Use the Code Studio to inspect the table by adding a new column "SCLength = SaleCondition.length()"
:
Filter that table to only rows where SCLength < 3
using the right-click menu results:
Following the advice above, a good solution to this problem would be to change the query to:
trades = db.t("LearnDeephaven", "StockTrades").where("Date=`2017-08-25`")
.sort("Timestamp")
.where(new IncrementalReleaseFilter(0,1))
.where("!isNull(SaleCondition) && SaleCondition.length >= 3 && SaleCondition.charAt(2) == 'I'")
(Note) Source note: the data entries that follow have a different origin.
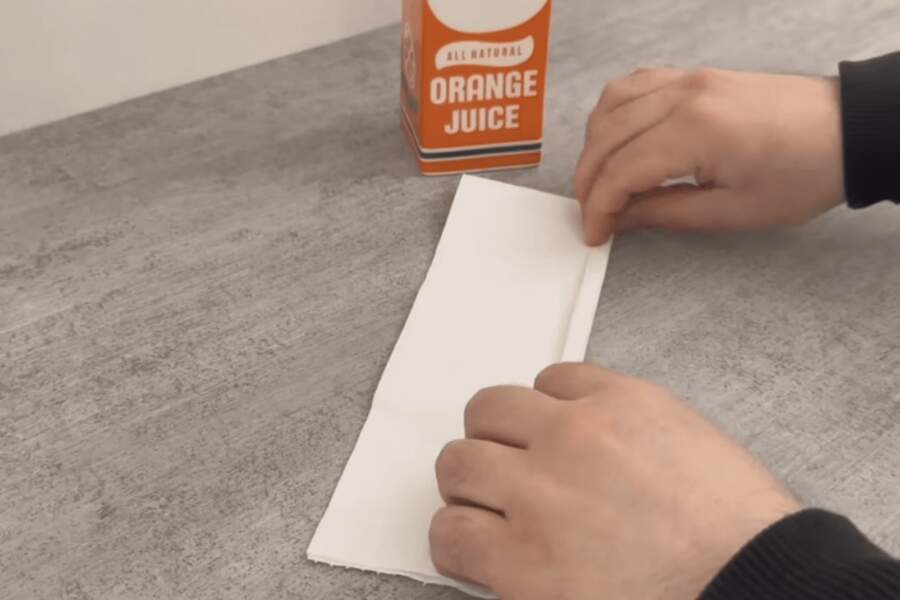 Papīra sagatavošana. Saliek vairākas tualetes papīra loksnes un sarullē tās stingrā, tievā rullītī.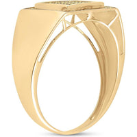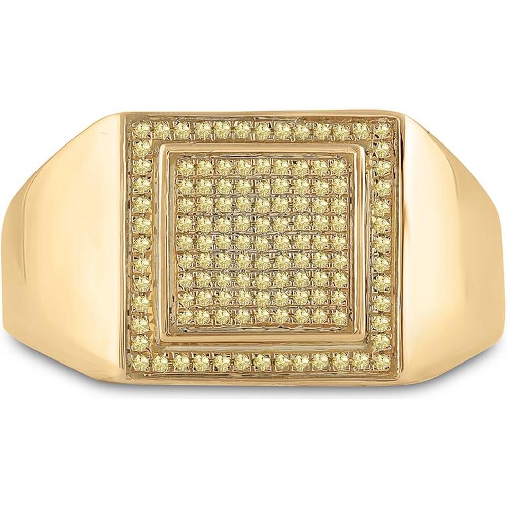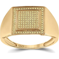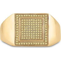 Admire the beauty of masterful craftsmanship in this striking 10K Yellow Gold ring, a piece designed to make a bold yet sophisticated statement. The allure of yellow diamonds is captured magnificently in the square cluster setting, where numerous prong-set round diamonds create a mesmerizing display of brilliance and luxury. Each diamond has been meticulously selected for its rich, golden hue, enhancing the overall warmth and elegance of the ring.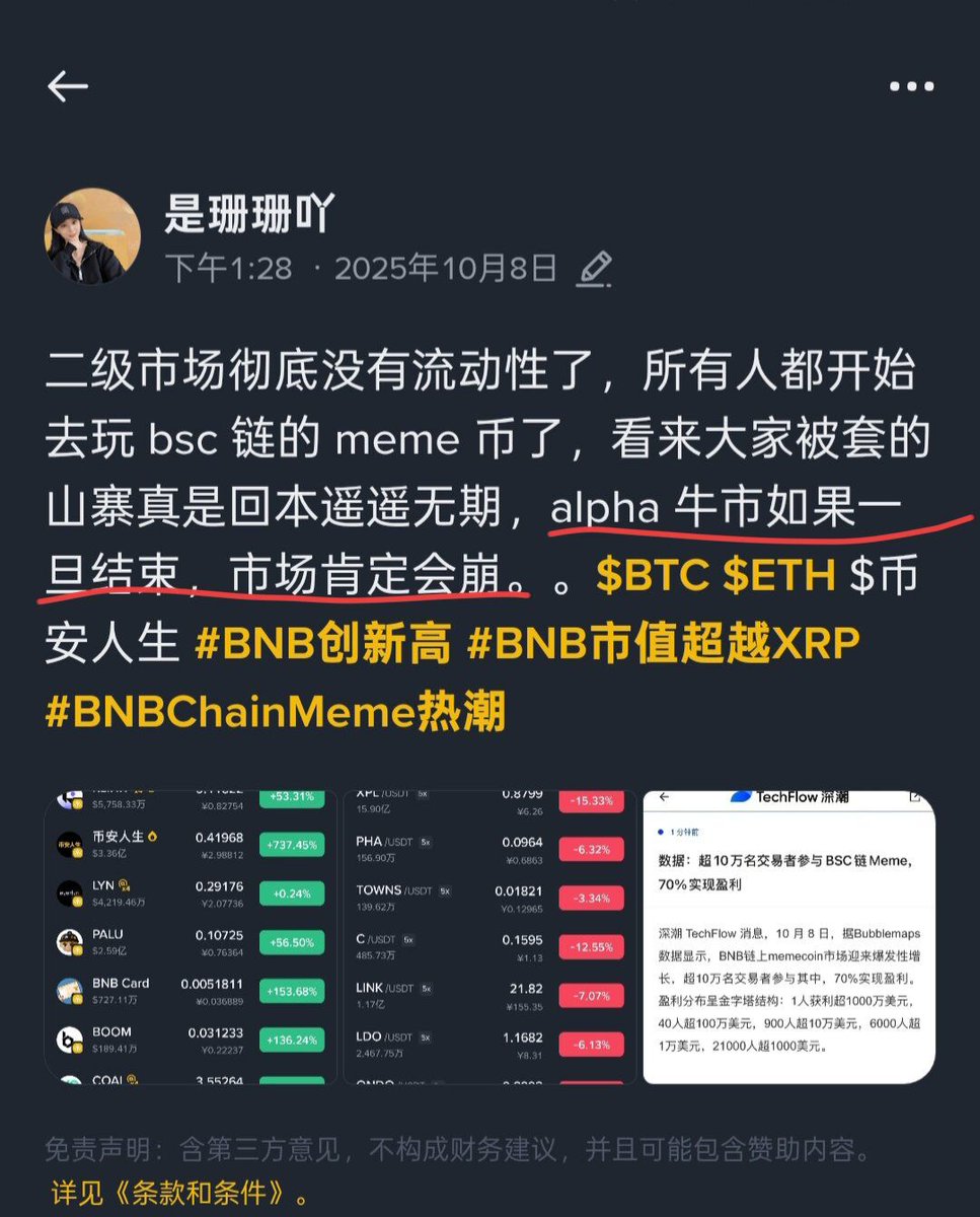 更可笑的是,这市场只剩下热度与价格,没人再关心团队是否做事。曾经满怀理想的团队,也只能选择摆烂。老币上方套牢盘沉重,信仰者寥寥无几。拉盘只会迎来无尽的砸盘,换作是你,你愿意拉吗?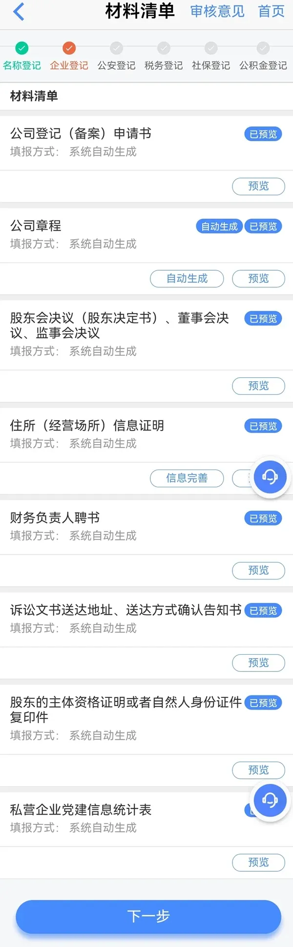 10.预览材料清单。需完善相关材料的,先进行“信息完善”,再预览材料。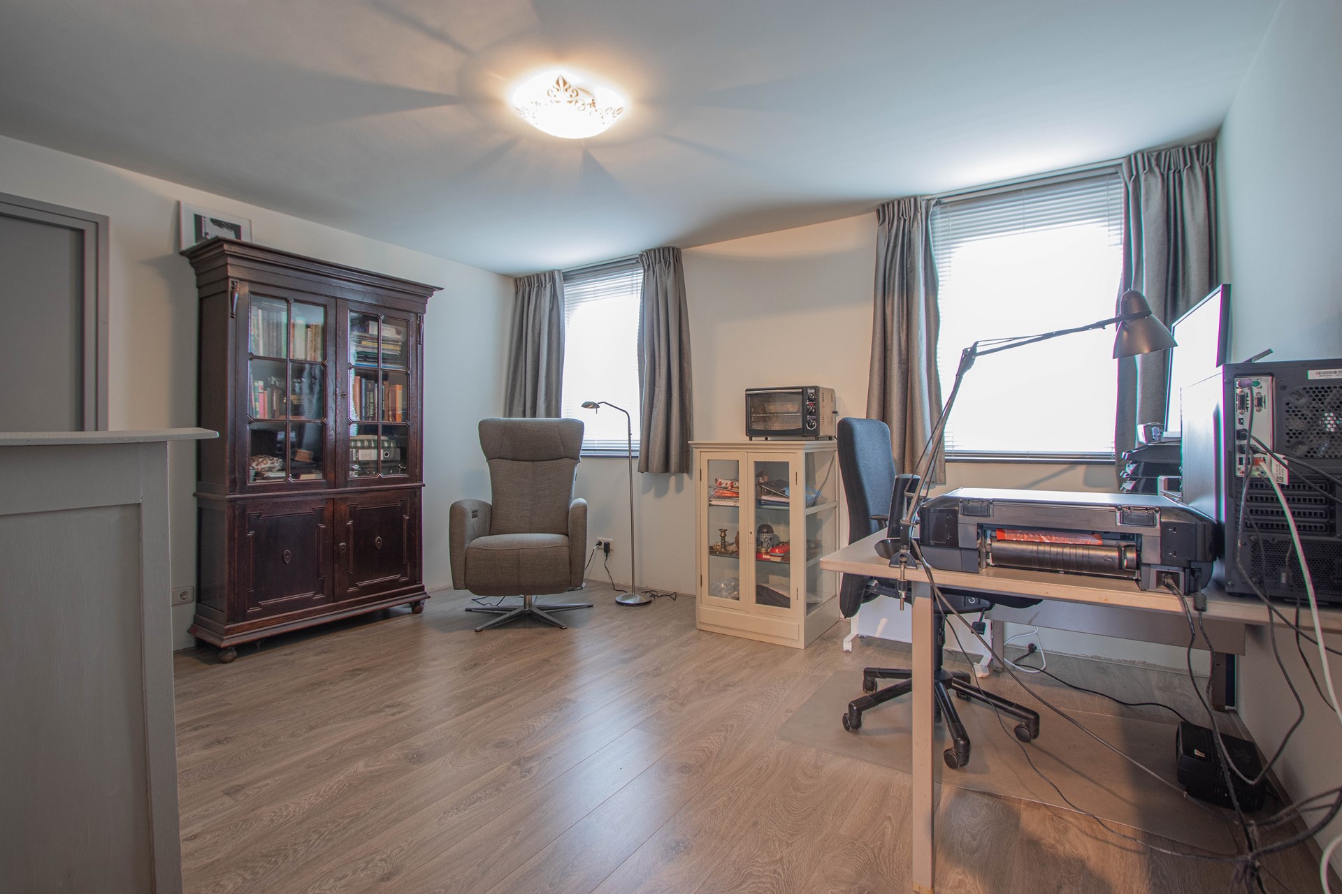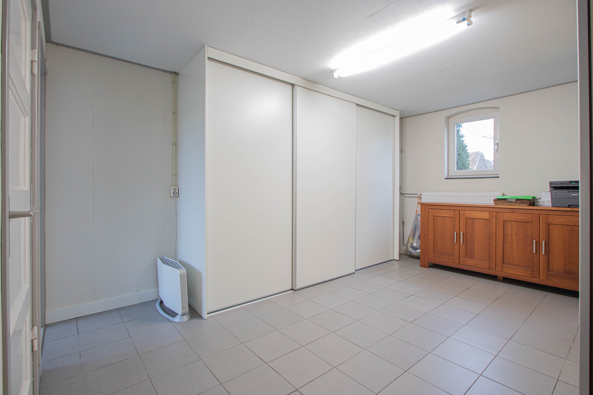 Begane vloer Overdekte toegang middels serre, woon-/ eetkamer met open keuken, badkamer, multifunctionele (kantoor, slaap-/ of werkkamer) en praktische berging met witgoed en stookruimte. Middels open trap in de woonkamer is de verdieping bereikbaar.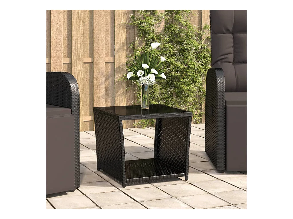 Zwarte tuintafel 45x45x37 cm gevlochten hars en acaciahout

An even better solution, if you really only care about the presence of the I character in the string, is:
trades = db.t("LearnDeephaven", "StockTrades").where("Date=`2017-08-25`")
.sort("Timestamp")
.where(new IncrementalReleaseFilter(0,1))
.where("!isNull(SaleCondition) && SaleCondition.contains(`I`)")
As always, use the Code Studio to validate that this change works and produces the result you expect!
Join Key Problems
Some of the most powerful features of DQL are the join
operations. They merge tables together based upon matching parameters to produce new tables. Some flavors of join are tolerant to the cardinality of key instances on the left and right hand sides, but some are not. naturalJoin()
, for example, requires that there is no more than one right hand side key mapped to every left hand side key. This can cause issues when the input data to a joined table does not adhere to these requirements. Below is a query that exhibits this behavior.
import com.illumon.iris.db.v2.select.IncrementalReleaseFilter
trades = db.t("LearnDeephaven", "StockTrades").where("Date=`2017-08-25`")
quotes = db.t("LearnDeephaven", "StockQuotes").where("Date=`2017-08-25`")
quotesBinned = quotes.updateView("Bin=upperBin(Timestamp, MINUTE)")
tradesBinned = trades.updateView("Bin=upperBin(Timestamp, MINUTE)")
// Make this a live ticking table from historical.
bankOfAmericaQuotes = quotesBinned.where("USym=`BAC`")
.where(new IncrementalReleaseFilter(0,1))
bankOfAmericaTrades = tradesBinned.where("USym=`BAC`")
joined = bankOfAmericaTrades.naturalJoin(bankOfAmericaQuotes, "USym,Bin", "BidExchange=Exchange,Bid,BidSize")
This query joins the binned trade prices to the trades table to augment it with bid exchange, size, and price by USym and time bin. It eventually fails with the following error:
java.lang.IllegalStateException: Duplicate right key for [BAC, 1503660240000000000]
Why did this happen?
- We are binning quotes and trades in one minute intervals.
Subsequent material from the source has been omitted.